Personal Finance News
4 min read | Updated on February 22, 2024, 15:24 IST
SUMMARY
When considering investment options, new investors often find themselves in a state of confusion. While FDs (fixed deposit) and Mutual Funds are two of the most popular investment alternatives, choosing between them can put one in a dilemma. As it goes with investments, carefully considering the pros and cons of each option will help budding investors make an informed choice.
Mutual Funds and Fixed deposits are two of the most popular investment alternatives.
Term deposits, also known as fixed deposits, are an investment option provided by NBFCs (non-banking financial companies) and banks that allow investors to make lump sum deposits for a fixed tenure and earn interest.
FDs are considered one of the safest investments to make as they provide guaranteed returns, irrespective of fluctuations in the market. Furthermore, term deposits qualify for tax exemptions under section 80C. However, the cap for exemptions is set at ₹ 1.5 lakhs.
If you are a risk-averse investor with a low risk-taking appetite, FDs are the way to go. As of 2023, the State Bank of India held nearly 32% of the market share in term deposits across public sector banks. Term deposit interest rates can vary between 3% to 7.5% depending on the provider you choose to invest with.
However, new investors must learn how inflation rates impact their investments. An increase in the inflation rate can effectively reduce the real value of any interest earned. Equally concerning is the fact that the very value of money is stirred when inflation rises.
Consider the following to understand the matter further - Amar invests ₹ 100000 in a term deposit at 5% p.a interest, for a period of 3 years. Considering an inflation rate of 4%, the true value of interest earned would be 5% - 4%, which is 1%. In this scenario, Amar earned a paltry 1% on his investment. Not surprisingly, Amar would be upset.
Simply put, mutual funds are investment instruments in which institutional and individual investors make combined contributions towards portfolios of bonds, stock, and various securities. Managed by asset management professionals, MFs offers a variety of investment options depending on the financial needs of the investor.

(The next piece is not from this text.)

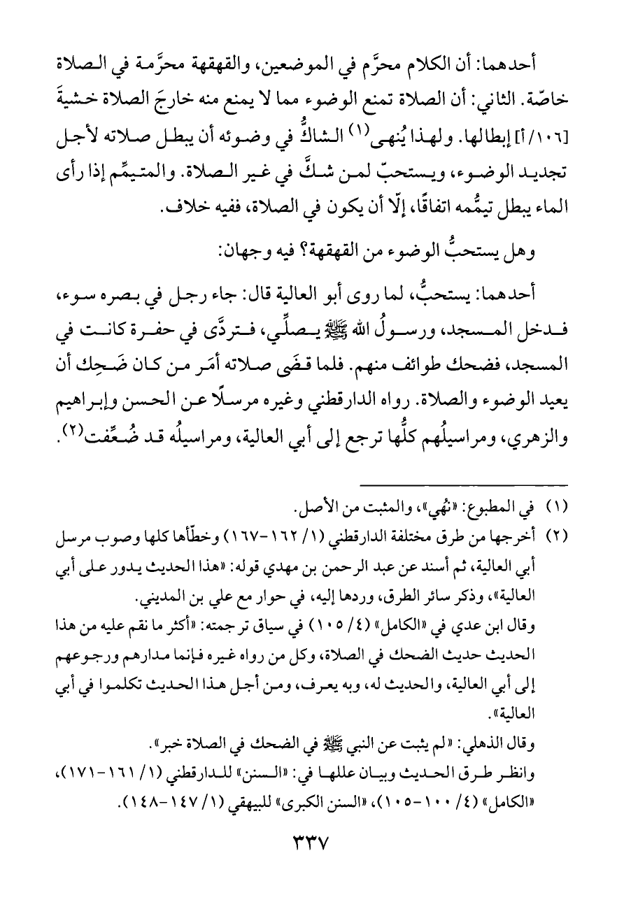 وقال الذهلي: «لم يثبت عن النبي - صلى الله عليه وسلم - في الضحك في الصلاة خبر».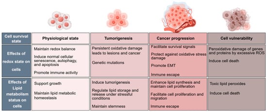 Redox signaling is an important intracellular signaling mechanism. The metabolism of cells provides the material and energy basis for all life activities of living organisms. Redox reactions—i.e., the gain, loss, and transfer of electrons—are key components in the cellular metabolic network [1]. In solid tumors, the rapid growth of tumor tissues, accompanied by a lack of supply from the vascular system, leads to an insufficient supply of oxygen and nutrients within the tumor tissues; here, the tumor microenvironment (TME) presents with overall hypoxia. However, hypoxic conditions are conducive to increasing reactive oxygen species (ROS) levels and oxidative stress. Under hypoxic conditions, cancer cells preferentially choose aerobic glycolysis to provide energy and biosynthetic precursors for their rapid proliferation, which is called the Warburg effect. The process of massive aerobic glycolysis produces more substances, such as ROS, which increases the level of intracellular oxidative stress [2]. This oxidative stress can further induce the activation of relevant signaling pathways and alterations in gene expression, promoting the survival, proliferation, invasion, and metastasis of cancer cells. On the other hand, high levels of oxidative stress interact with and counterbalance cellular metabolism, such as lipid homeostasis. Lipid metabolism, an essential physiological process, is aberrantly activated in tumors due to enhanced lipid synthesis or uptake, contributing to rapid cancer cell growth and tumor formation [3], and lipid metabolism reprogramming is also an important characteristic of cancer. Both oxidative stress and lipid metabolic reprogramming are considered important cancer therapeutic targets, and their related mechanisms constitute important research directions in the fields of cell biology and pharmacy. In this review, we discuss the connection between oxidative stress and lipid metabolic reprogramming in cancer cells and how these two pathways affect tumor development from the perspective of the redox system and metabolism regulation. Finally, we explore the development prospects of targeted lipid metabolism therapy for cancer on the basis of relevant clinical studies in recent years.

Mutual funds are subject to higher risk exposure as compared to term deposits. However, they can offer considerably higher returns as well. Moreover, unlike FDs, this option can help you beat inflation rates.
Buying and selling mutual funds is relatively uncomplicated and can provide much-needed flexibility, especially when the investor's needs change. Additionally, MFs can reduce investment risk on account of the diversified options available to invest in.
Suppose you are a risk-aware investor with a moderate to high-risk appetite. In that case, mutual funds are the way to generate higher returns than term deposits. ELSS (equity-linked saving scheme) is a mutual fund investment that helps investors generate wealth while saving on taxes.
Mutual funds are a great option for individuals who want to make long-term investments. This is because, in the long run, they have the potential to yield far higher returns than bank savings. Moreover, their volatility also becomes less pronounced.
Criteria | Fixed Deposits | Mutual Funds |
---|---|---|
Risk | Low | Low to high, subject to market conditions |
Returns | Fixed rate of interest | Linked to market performance |
Expenses | No expenses | Subject expenses |
Tenure | Fixed | Flexible |
Regulated by | RBI | SEBI |
Investor profile | Low risk appetite, Retirees, Individuals with taxable income, Guaranteed return requirements | Mid-high-risk appetite, seeking portfolio diversification or high returns |
Deciding between fixed deposits and mutual funds also requires a great deal of personal consideration to be made - What are your financial goals? How actively do you want to invest? What is the purpose of investing?
For a long time, FDs have been the preferred choice for Indian investors. As a result, many investors buy them without even giving them a second thought. On the other hand, mutual funds are not only more capable of producing returns, but they also offer tax benefits.